There may be something to that. A 2005 New England Journal of Medicine study found a high rate of methicillin-resistant staphylococcus, or MRSA, bacterial infection in artificial-turf scrapes among St. Louis Rams players, though it blamed the transmission of the bacteria on sloppy hygiene rather than the turf itself.

There's also "turf toe," a common athletic injury to the big toe made more likely by hard surfaces, such as older forms of artificial turf.

Then there's the problem of cleaning the stuff. Blood, sweat and spit are easily absorbed by natural soil, but on artificial turf they've got to be swabbed down with disinfectants and detergents, then mopped up.

Perhaps the biggest environmental hazard from artificial turf is in its disposal, Wood says.

Synthetic turf on school athletic fields needs to be completely replaced after eight to 12 years, but the old turf will never disintegrate, she points out, adding that it's already been banned by some landfills.

Still, Wood admits that fake grass is the right choice for certain locations, such as indoor or domed fields and urban playgrounds that have blacktop or concrete lying beneath.

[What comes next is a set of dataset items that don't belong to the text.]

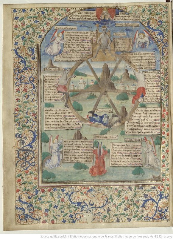 Parigi, Bibliothèque de l'Arsenal, 5192, f. 1v. Un essere antropomorfo con la corona e lo scettro (la Fortuna?) siede in cima alla ruota che controlla i destini degli uomini, cui sono aggrappati tre personaggi metà uomini e metà animali; in alto il busto di Dio Padre si affaccia tra le nubi, mentre alcuni angeli indicano la scena.
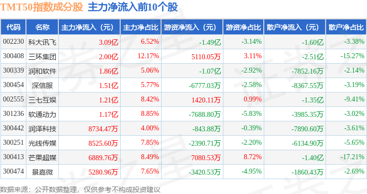 资金流向方面,TMT50(399610)指数成份股当日主力资金净流出合计191.85亿元,游资资金净流入合计74.29亿元,散户资金净流入合计117.56亿元。成份股资金流向详情见下表:
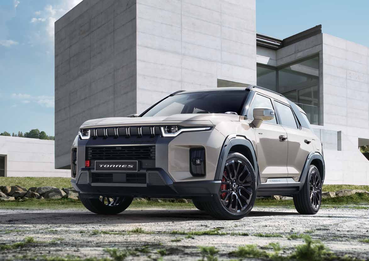 2025 토레스 하이브리드는 현대적이고 강인한 디자인을 채택하고 있습니다. 차량의 전면부는 날카로운 헤드램프와 대형 그릴이 조화를 이루어 세련된 인상을 주며, 스포티한 주행성을 강조하고 있습니다.
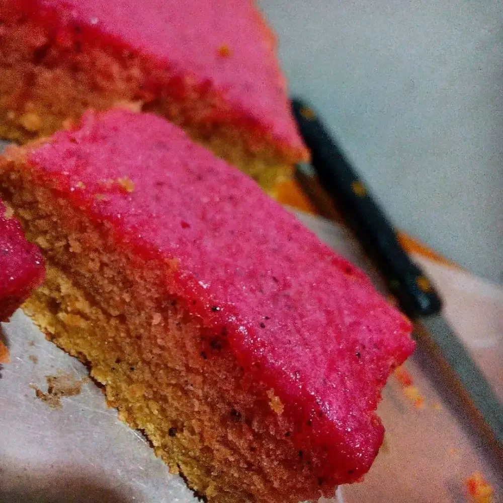 Setelah adonan dasar siap, tambahkan tepung terigu dan jus buah naga secara bergantian. Aduk perlahan hingga semua bahan tercampur rata dan tidak ada gumpalan. Pastikan adonan memiliki tekstur yang lembut dan tidak terlalu cair. Kemudian tuang adonan ke dalam loyang yang telah disiapkan, ratakan permukaannya, dan panggang dalam oven hingga matang. Untuk memastikan kematangan, tusuk bagian tengah kue menggunakan lidi; jika tidak ada adonan yang menempel, berarti kue sudah matang dan siap diangkat.
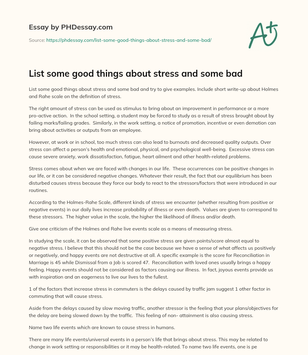 Order custom essay List some good things about stress and some bad with free plagiarism report
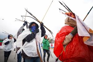 (251017) -- BOGOTA, 17 octubre, 2025 (Xinhua) -- Personas sostienen arcos y flechas mientras participan en una protesta frente a la Embajada de Estados Unidos, en Bogotá, capital de Colombia, el 17 de octubre de 2025. (Xinhua/Andrés Moreno) (am) (oa) (ra) (ce)
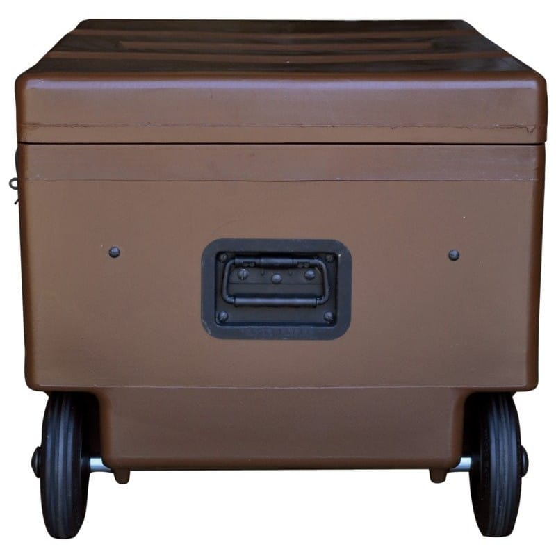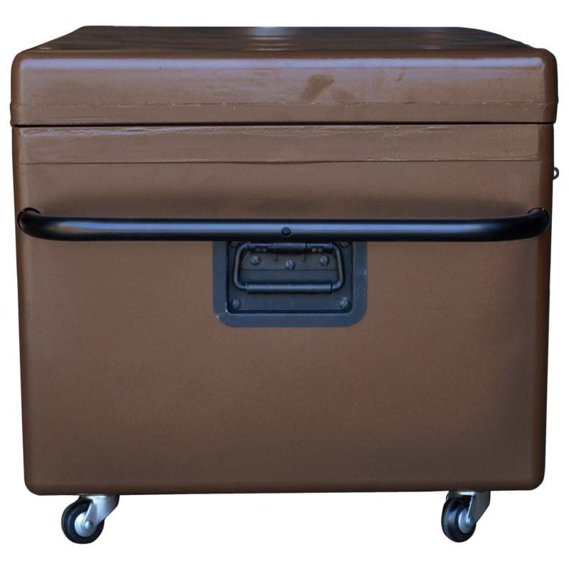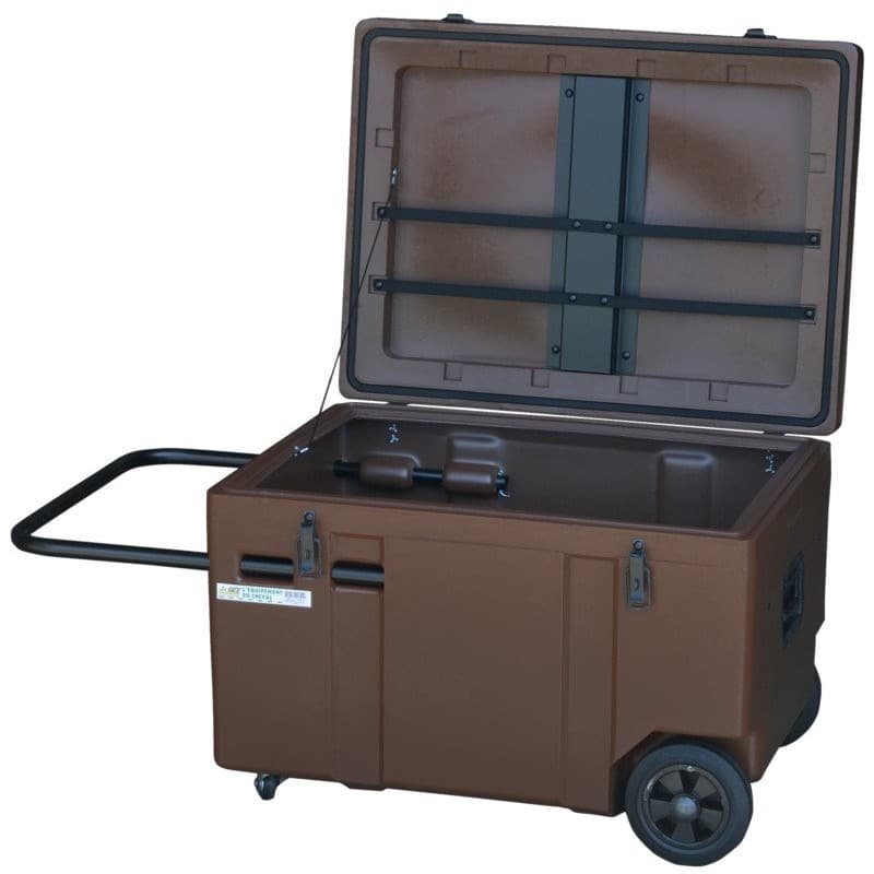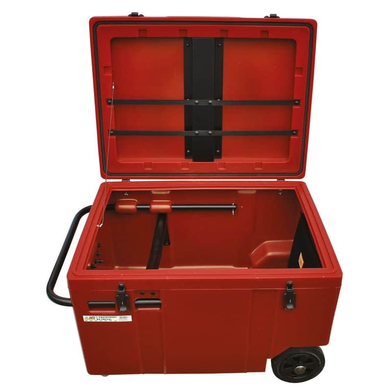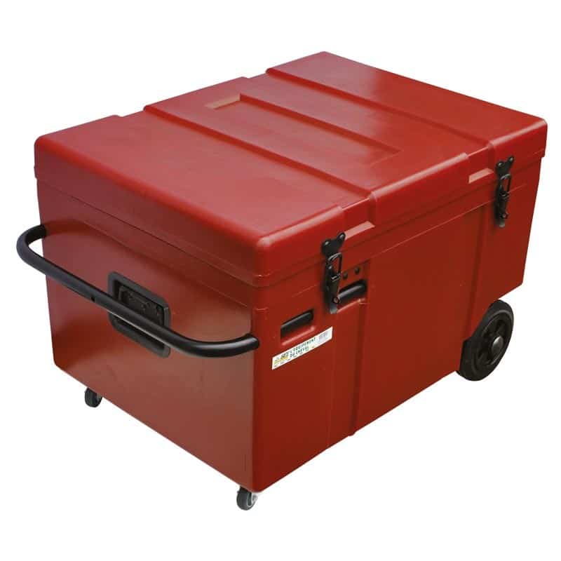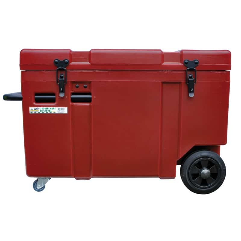 Facilement maniable grâce aux roues pivotantes à l’avant, son couvercle est pourvu d’un joint afin d’offrir une étanchéité complète et renforcé par un oméga métallique.
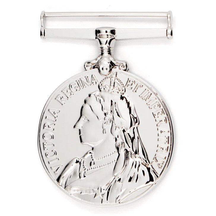 Obverse: Bears the crowned and veiled portrait of Queen Victoria Reverse: Britannia carrying a flag, and holding a laurel wreath out to advancing soldiers Designer: G.W. de Saulles Dimensions: 38mm in diameter Ribbon: Broad orange central stripe flanked by two dark blue stripes and two red stripes
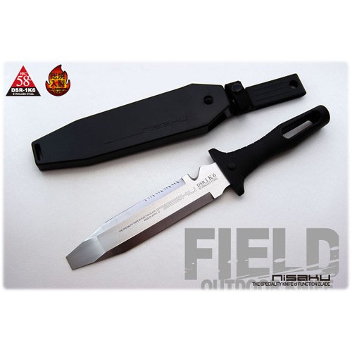 ●チゼル型刀身 岩に張り付いた貝類などの剥ぎ取り。 コマセなどの粉砕に。●総焼入刀身 鉈のようにも使える頑強な3mm厚刀身。●ガットフック ロープや蔓などの切断。布類の裂き切り。●波刃(セレーションブレード) 植物の根や枝木からロープまで軽々と切断できる。
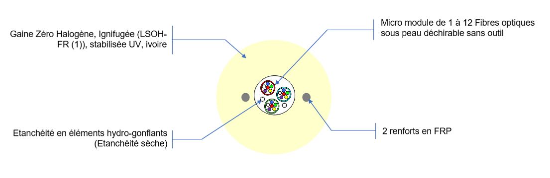 Acome - Câble UND1636 24 fibres G657A2 Modulo 6 Z1208 - H0021A
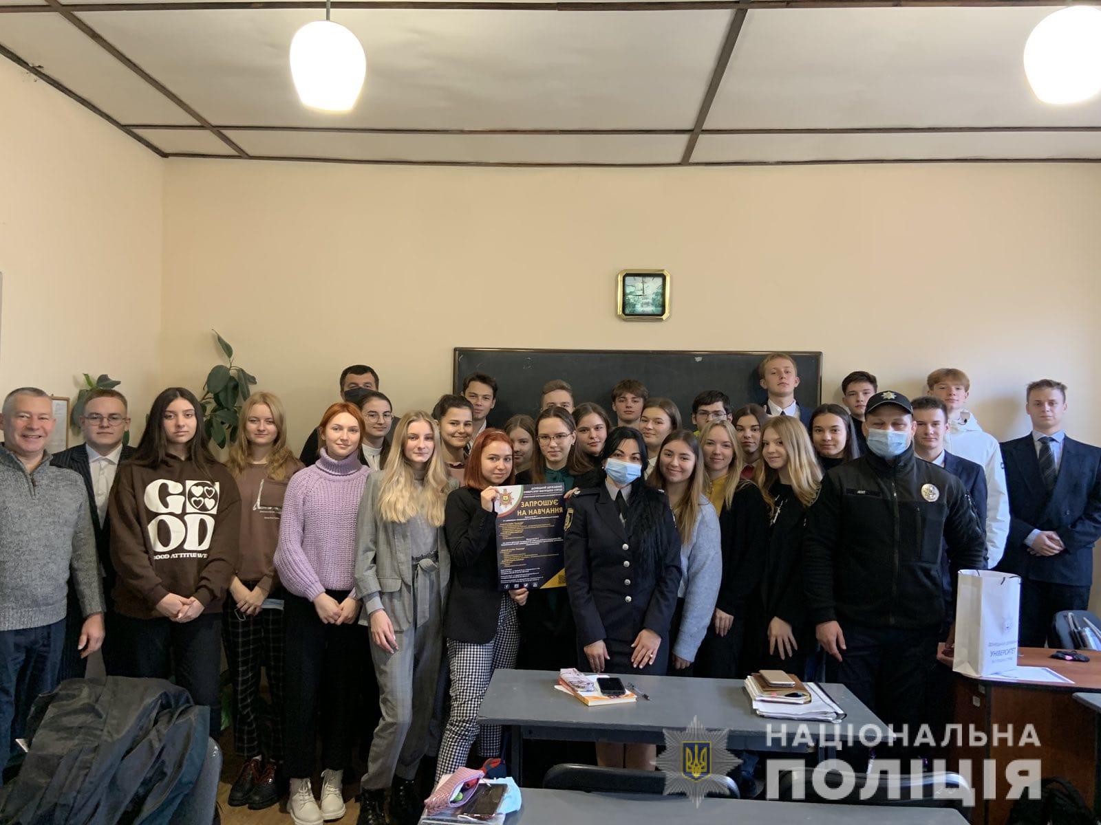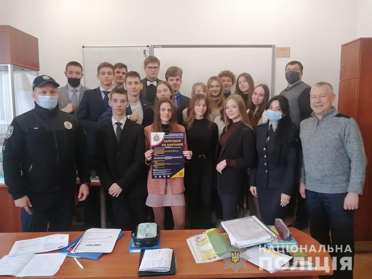 У ході зустрічі школярі дізналися про професією поліцейського та напрямками його діяльності, а також про умови вступу до закладів вищої освіти зі специфічними умовами навчання які здійснюють підготовку поліцейських, за кошти державного бюджету на денній формі навчання.
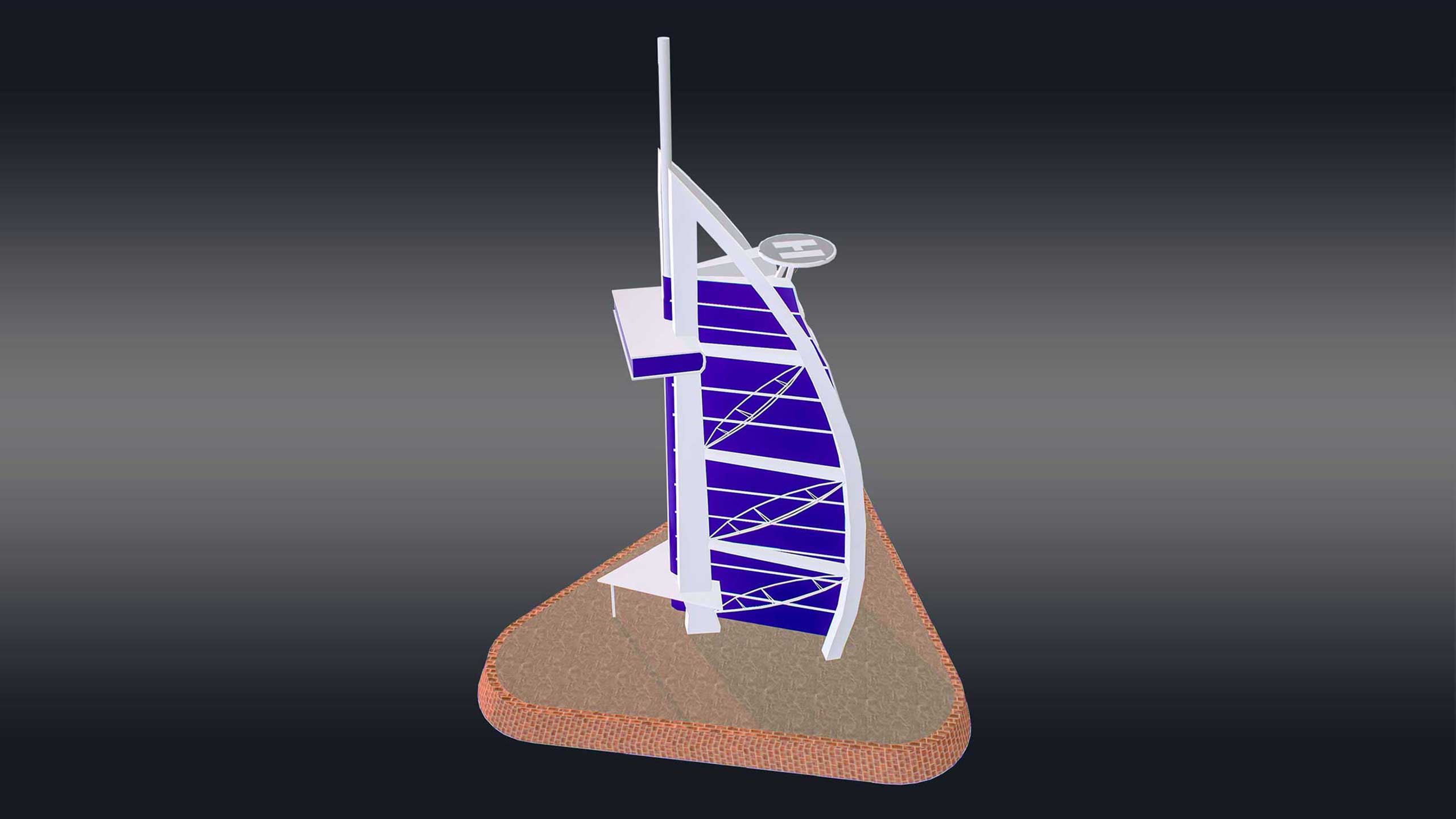 With 2388 vertices, 1968 faces, 4145 edges, and 4282 tris, this 3D design offers a balanced polygon count suitable for various applications. It supports multiple 3D file formats, including Maya (.ma, .mb), FBX, OBJ, C4D, Blender, and 3ds Max, ensuring compatibility with popular 3D rendering tools. This Burj Al Arab 3D model is perfect for creating virtual hotel models and enhancing architectural visualization projects.
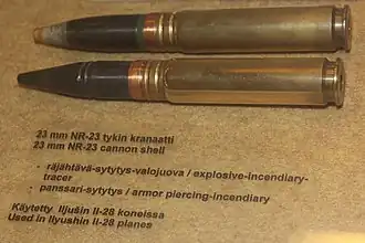 - ^ Koll, Christian. "23x115 23mm NR/NS and GSh aircraft cannons". The Russian Ammunition Page. Retrieved 7 Dec 2012.
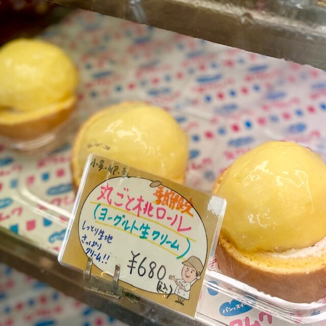 しっとりとしてカステラのような卵たっぷりのロールケーキ生地に、まんまるで愛らしいツヤツヤの桃が鎮座。

Both artificial-turf proponents and environmentalists agree on one thing: It's still early in the game for a firm conclusion on its impact on health and the immediate surroundings.

"There's a lot of pressure [to come up with a solid answer]," says Neil Lewis, executive director at Neighborhood Network, a non-profit environmental organization on New York's suburban Long Island. "And we are doing this without a lot of information, which I think is a mistake."